----- RECORD EXCERPTS -----

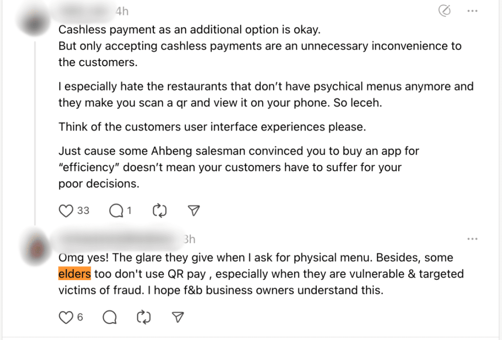 Several users raised concerns about customer accessibility, especially for the elderly or those unfamiliar with mobile banking. One commenter shared, “Some elders don’t use e-wallets and are often victims of fraud. Business owners need to understand this.” Others recounted situations where their mobile banking apps crashed, their phones died, or internet connectivity was unavailable. One user asked, “What if the bank system is down? Are we supposed to write our order in a notebook?” Another added, “Even roadside stalls accept all types of payment. Why can’t you?”
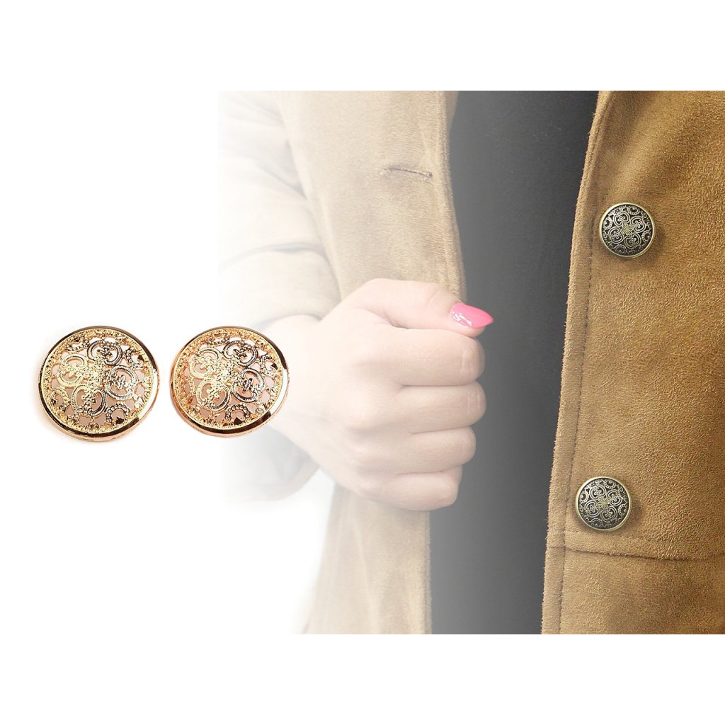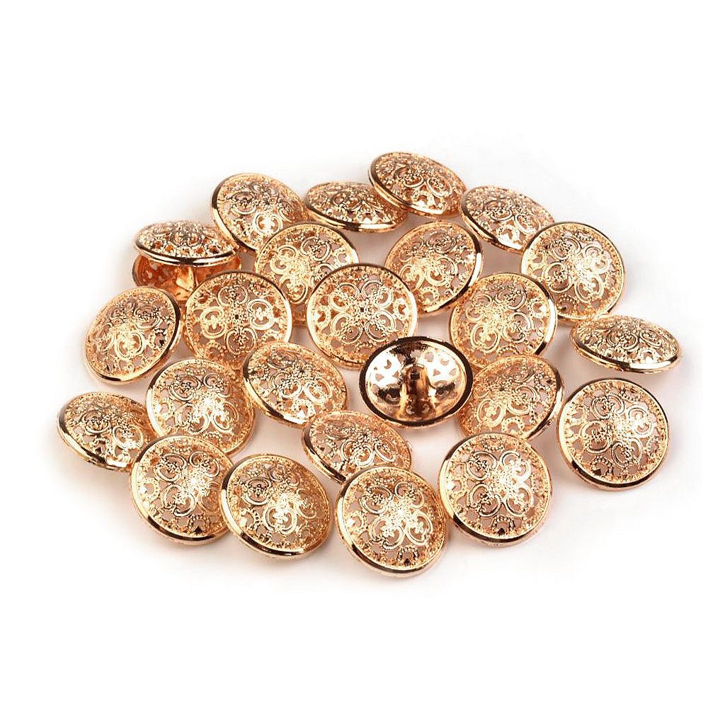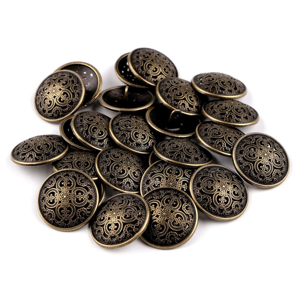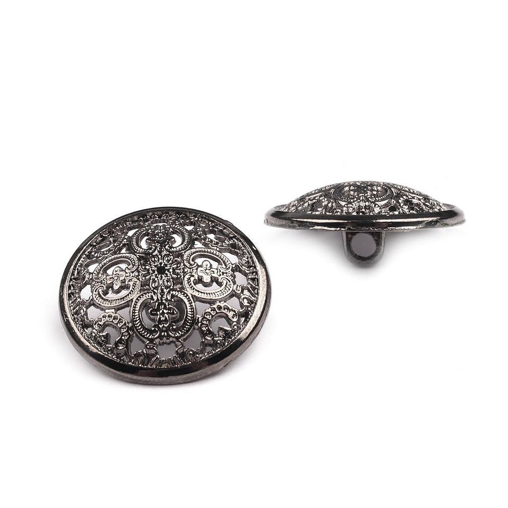 Knöpfe aus Metall mit Filigranmuster. Sie sind aus der Legierung von Zink und nicht magnetischen Metallen hergestellt. Die Knöpfe werden von unten angenäht. Sie wirken elegant an Mänteln, Sakkos, Hemden usw. Bestimmt sind sie auch für Handtaschen, Taschen oder Hüte.
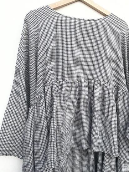 ふんわりと風に揺れるギャザーが特徴のブラウスです。夏場一枚でさらりと着られるブラウスです。
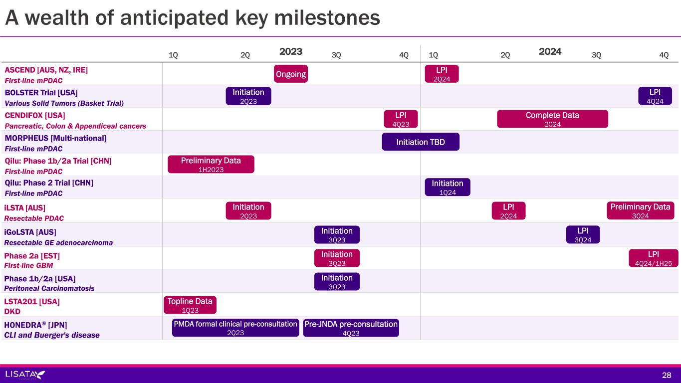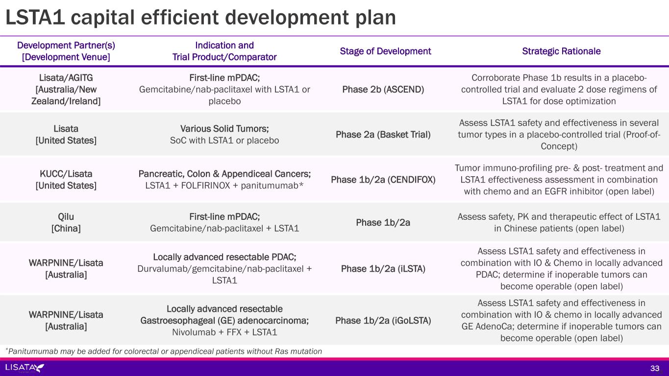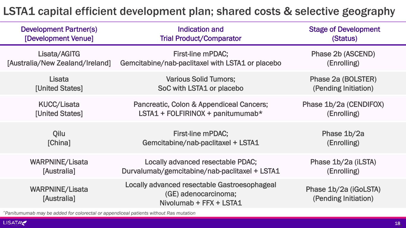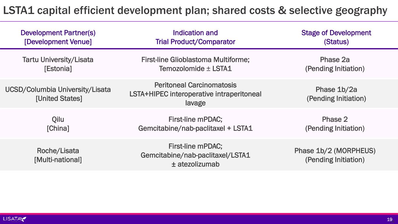 Development Partner(s) [Development Venue] Indication and Trial Product/Comparator Stage of Development (Status) Tartu University/Lisata [Estonia] First-line Glioblastoma Multiforme; Temozolomide ± LSTA1 Phase 2a (Pending Initiation) UCSD/Columbia University/Lisata [United States] Peritoneal Carcinomatosis LSTA+HIPEC interoperative intraperitoneal lavage Phase 1b/2a (Pending Initiation) Qilu [China] First-line mPDAC; Gemcitabine/nab-paclitaxel + LSTA1 Phase 2 (Pending Initiation) Roche/Lisata [Multi-national] First-line mPDAC; Gemcitabine/nab-paclitaxel/LSTA1 ± atezolizumab Phase 1b/2 (MORPHEUS) (Pending Initiation) LSTA1 capital efficient development plan; shared costs & selective geography 1919
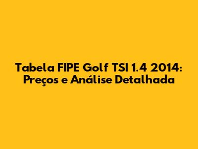Tabela FIPE Golf TSI 1.4 2014: Preços E Análise
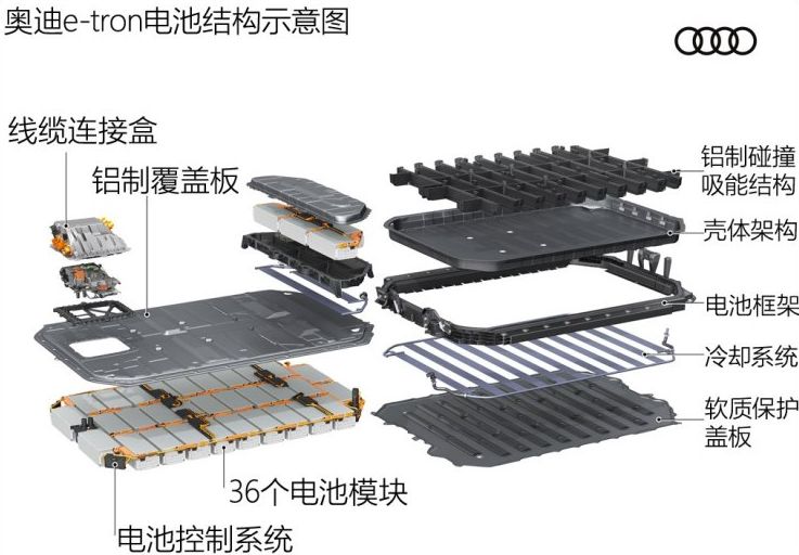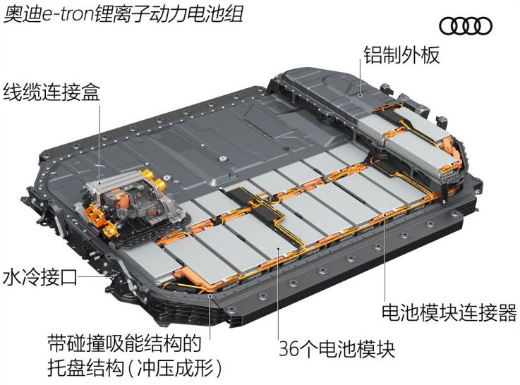 此外,奥迪为电池组准备了风冷与液冷两种不同的冷却方式,根据使用情况的不同,会采用不同的冷却循环。
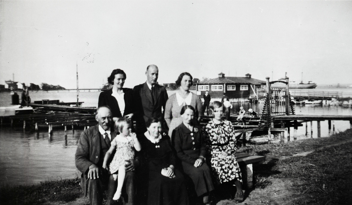 Titel: Personerna på bilden är okända. Intressant med bilden är den långa båtbryggan med grind.
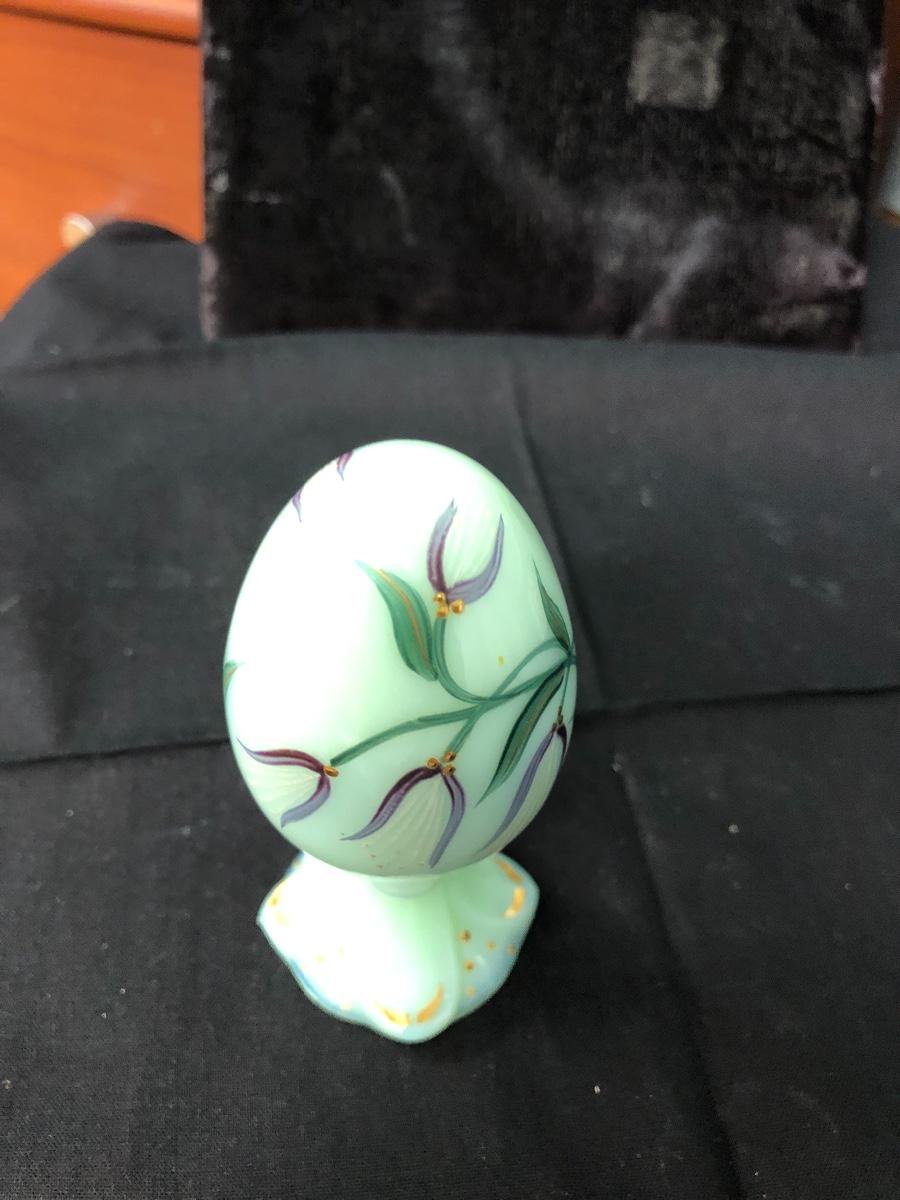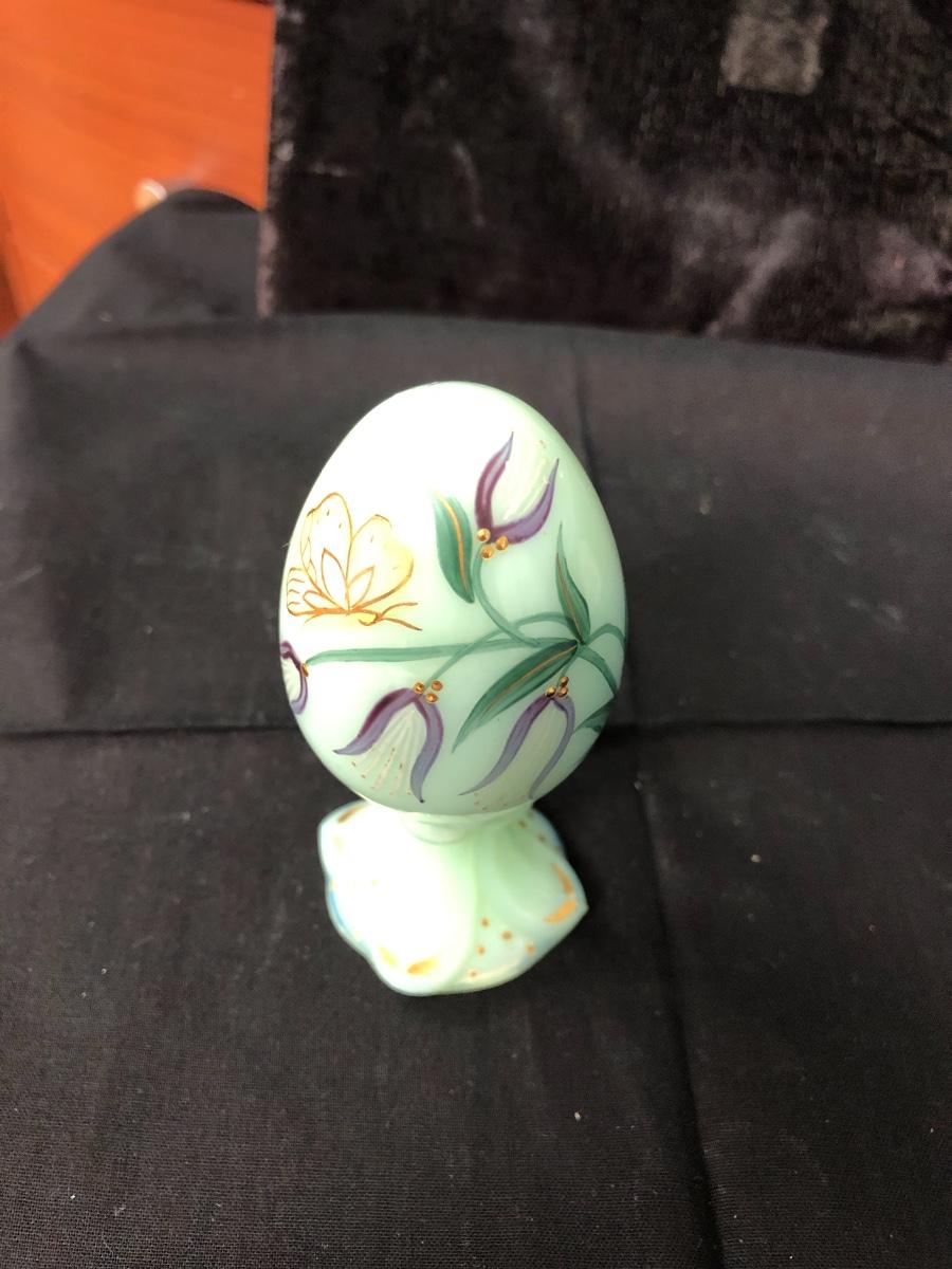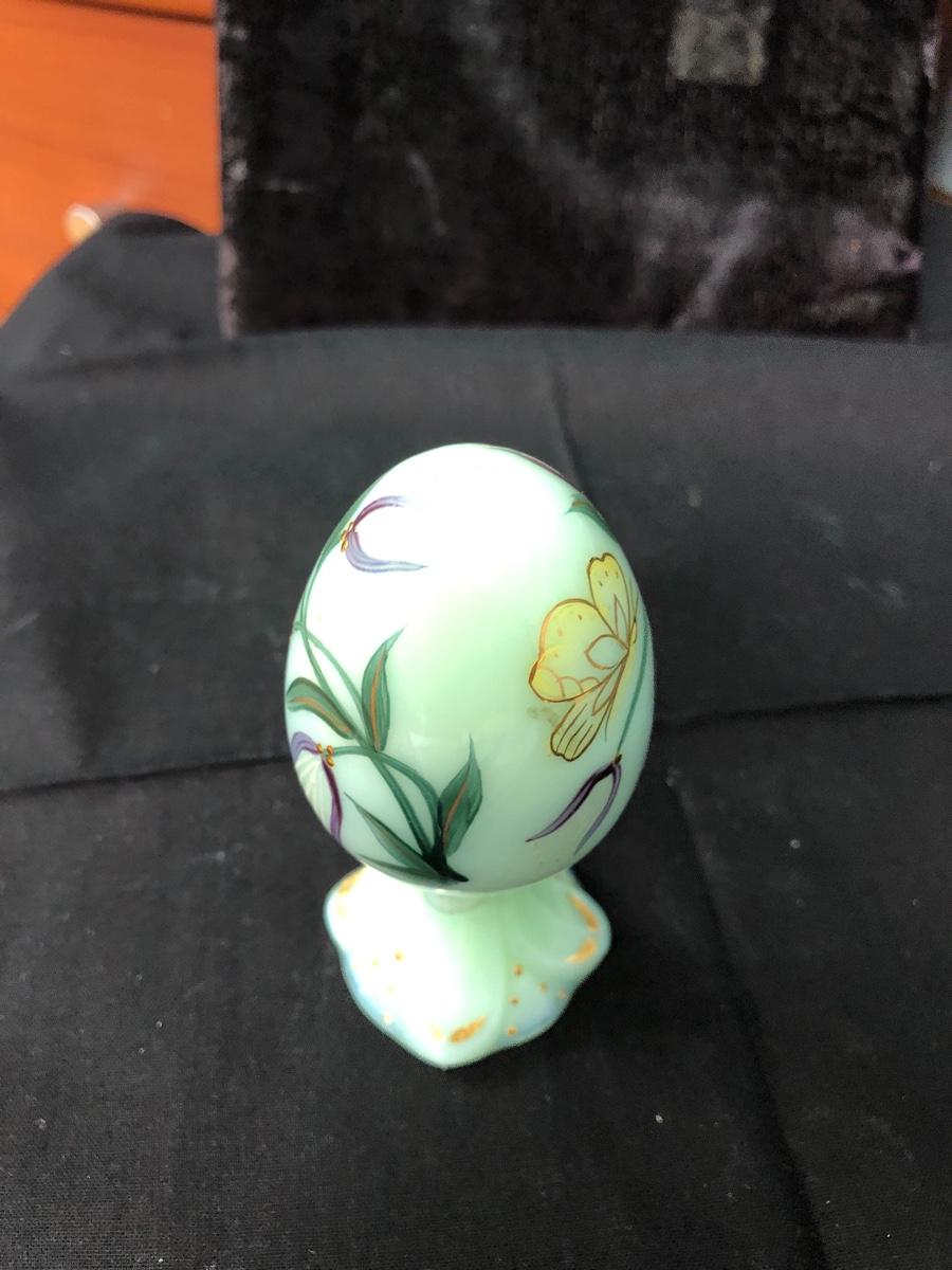 This hand painted sea green egg is stunning. Measures only 4” but rare and gorgeous

-----

» **WORK INSTRUCTIONS**
What you produce should repeat the data word for word while omitting all images.

» **EXERCISE OUTPUT**
 Several users raised concerns about customer accessibility, especially for the elderly or those unfamiliar with mobile banking. One commenter shared, “Some elders don’t use e-wallets and are often victims of fraud. Business owners need to understand this.” Others recounted situations where their mobile banking apps crashed, their phones died, or internet connectivity was unavailable. One user asked, “What if the bank system is down? Are we supposed to write our order in a notebook?” Another added, “Even roadside stalls accept all types of payment. Why can’t you?”
 Knöpfe aus Metall mit Filigranmuster. Sie sind aus der Legierung von Zink und nicht magnetischen Metallen hergestellt. Die Knöpfe werden von unten angenäht. Sie wirken elegant an Mänteln, Sakkos, Hemden usw. Bestimmt sind sie auch für Handtaschen, Taschen oder Hüte.
 ふんわりと風に揺れるギャザーが特徴のブラウスです。夏場一枚でさらりと着られるブラウスです。
 Development Partner(s) [Development Venue] Indication and Trial Product/Comparator Stage of Development (Status) Tartu University/Lisata [Estonia] First-line Glioblastoma Multiforme; Temozolomide ± LSTA1 Phase 2a (Pending Initiation) UCSD/Columbia University/Lisata [United States] Peritoneal Carcinomatosis LSTA+HIPEC interoperative intraperitoneal lavage Phase 1b/2a (Pending Initiation) Qilu [China] First-line mPDAC; Gemcitabine/nab-paclitaxel + LSTA1 Phase 2 (Pending Initiation) Roche/Lisata [Multi-national] First-line mPDAC; Gemcitabine/nab-paclitaxel/LSTA1 ± atezolizumab Phase 1b/2 (MORPHEUS) (Pending Initiation) LSTA1 capital efficient development plan; shared costs & selective geography 1919
Tabela FIPE Golf TSI 1.4 2014: Preços E Análise
 此外,奥迪为电池组准备了风冷与液冷两种不同的冷却方式,根据使用情况的不同,会采用不同的冷却循环。
 Titel: Personerna på bilden är okända. Intressant med bilden är den långa båtbryggan med grind.
 This hand painted sea green egg is stunning. Measures only 4” but rare and gorgeous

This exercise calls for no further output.